**AIM OF THE TASK:** An unchanged copy of all the lines below is expected, and it should contain no pictures.

**DATASET EXTRACT:**
****************************************
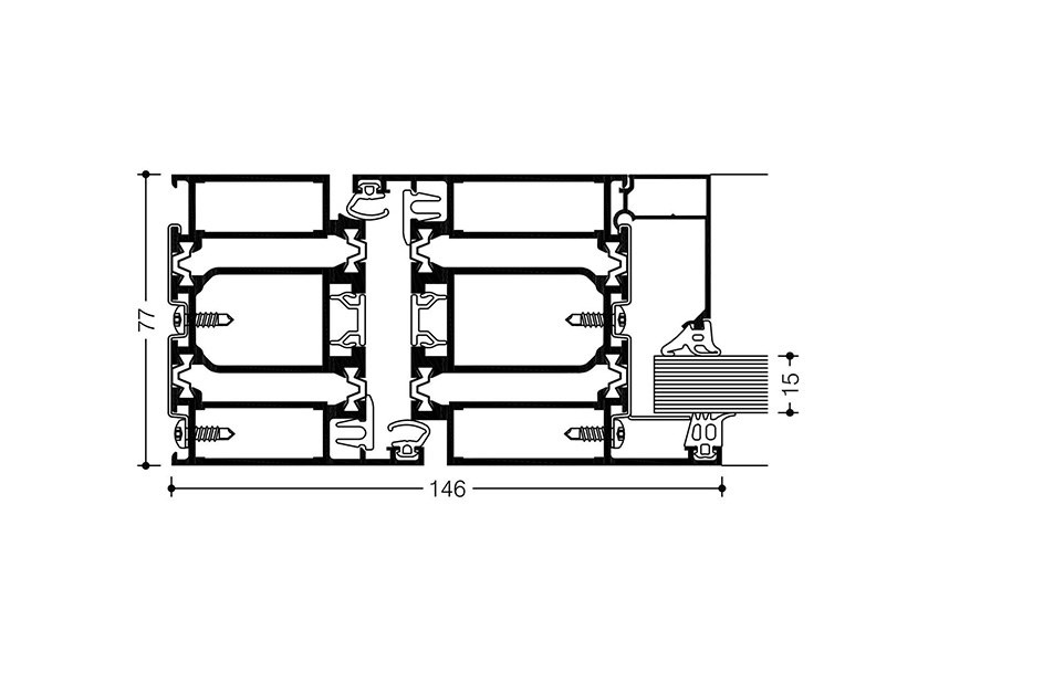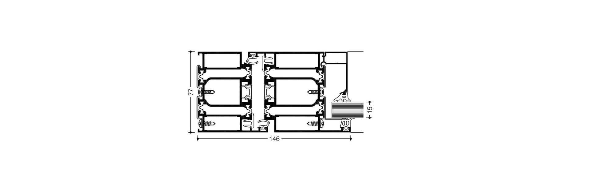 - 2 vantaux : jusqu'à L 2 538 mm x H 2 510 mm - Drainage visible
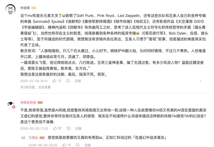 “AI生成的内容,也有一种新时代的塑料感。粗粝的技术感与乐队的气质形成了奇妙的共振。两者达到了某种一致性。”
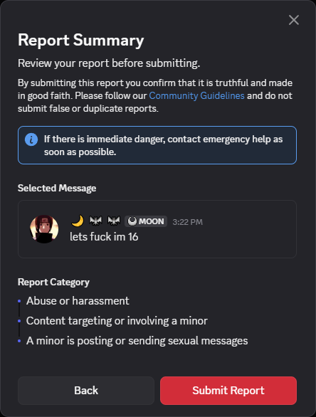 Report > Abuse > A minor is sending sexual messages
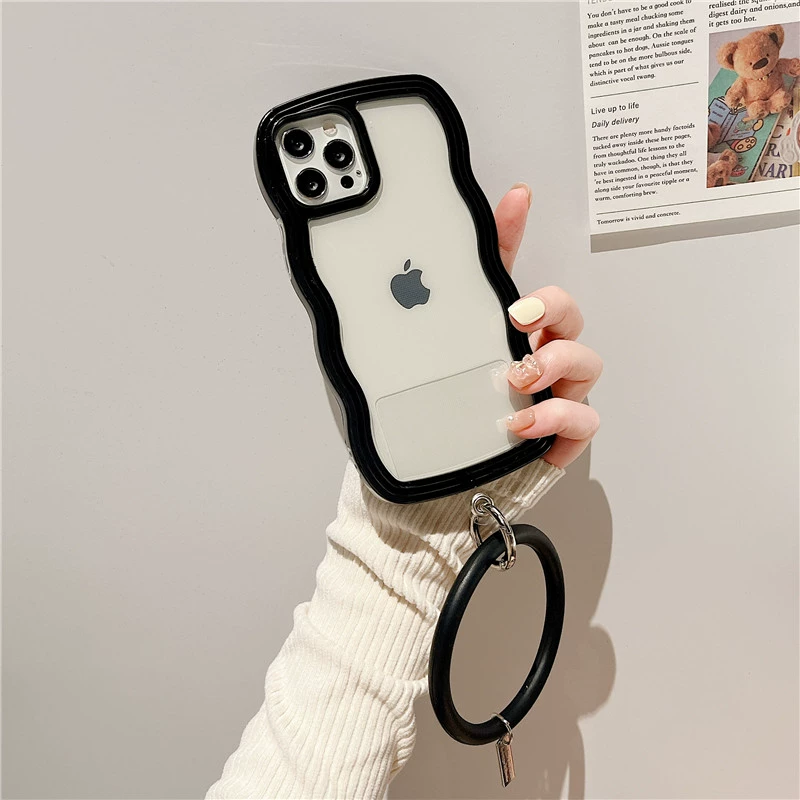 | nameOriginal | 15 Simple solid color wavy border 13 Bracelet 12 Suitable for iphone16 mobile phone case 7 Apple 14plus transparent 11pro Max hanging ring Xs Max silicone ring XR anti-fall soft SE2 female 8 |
****************************************
**TASK SOLUTION:**
 - 2 vantaux : jusqu'à L 2 538 mm x H 2 510 mm - Drainage visible
 “AI生成的内容,也有一种新时代的塑料感。粗粝的技术感与乐队的气质形成了奇妙的共振。两者达到了某种一致性。”
 Report > Abuse > A minor is sending sexual messages
 | nameOriginal | 15 Simple solid color wavy border 13 Bracelet 12 Suitable for iphone16 mobile phone case 7 Apple 14plus transparent 11pro Max hanging ring Xs Max silicone ring XR anti-fall soft SE2 female 8 |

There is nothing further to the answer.